Bitcoin needs to hold above the $106,000 level, according to fellow market analyst Yimin X, who based his outlook on Elliott Wave projections and key Fibonacci retracement zones.

“If this support holds, the setup remains constructive for the next impulsive leg higher,” the analyst wrote.

BTC/USD 1-day price chart.
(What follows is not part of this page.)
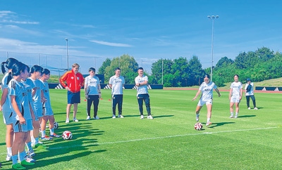 來自中國西部地區(qū)的U15女足隊日前在德國阿迪達(dá)斯總部足球場訓(xùn)練。本報記者 劉 赫攝

Source: Yimin X on X.

However, a decisive break below this zone could signal a deeper correction, invalidating the current structure and potentially opening the door to lower Fibonacci extensions around $103,000 or even $100,000.

At press time, Bitcoin had already broken below the key $106,000 support zone and was trading around $105,880, down nearly 4% over the past 24 hours. 

As such, the risk of further downside has increased, with price now drifting closer to the next high-volume node near $103,000, a level that also aligns with the 0.9 and 1.0 Fibonacci extension levels from wave (i) in Yimin X’s Elliott Wave framework.

Top altcoin gainers of the day

Over the past 24 hours, the combined market capitalisation of all altcoins climbed from $1.59 trillion to an intraday peak of $1.62 trillion, before pulling back to around $1.54 trillion, down 3.1% over the day at press time.

Despite the brief surge, overall sentiment across the altcoin landscape remains cautious.

This is reflected in the Altcoin Season Index, which gauges how the top 100 altcoins are performing relative to Bitcoin. 

At the time of writing, the index stood at just 27 and has failed to break above the 40 mark since mid-October, a clear signal that altcoins continue to lag behind the broader crypto market recovery.

Ethereum (ETH), the largest altcoin by market cap, initially tested the $3,900 psychological resistance but faced rejection at it as bears dragged it down to $3,700, down 3.7% over the day. 

Other large-cap altcoins such as XRP (XRP), BNB (BNB), Solana (SOL), and Dogecoin (DOGE) recorded losses ranging between 3-6% respectively.

Only three of the top 99 leading altcoins managed to stay in the green amid a widespread market downturn. 

MemeCore (MEME) led the resilience pack with a modest 2.24% gain, while Official Trump (TRUMP) followed with a 1.1% uptick.

Zcash (ZEC) also held firm, closing the day with nearly a 1% increase, a rare show of footing in an otherwise red-drenched market.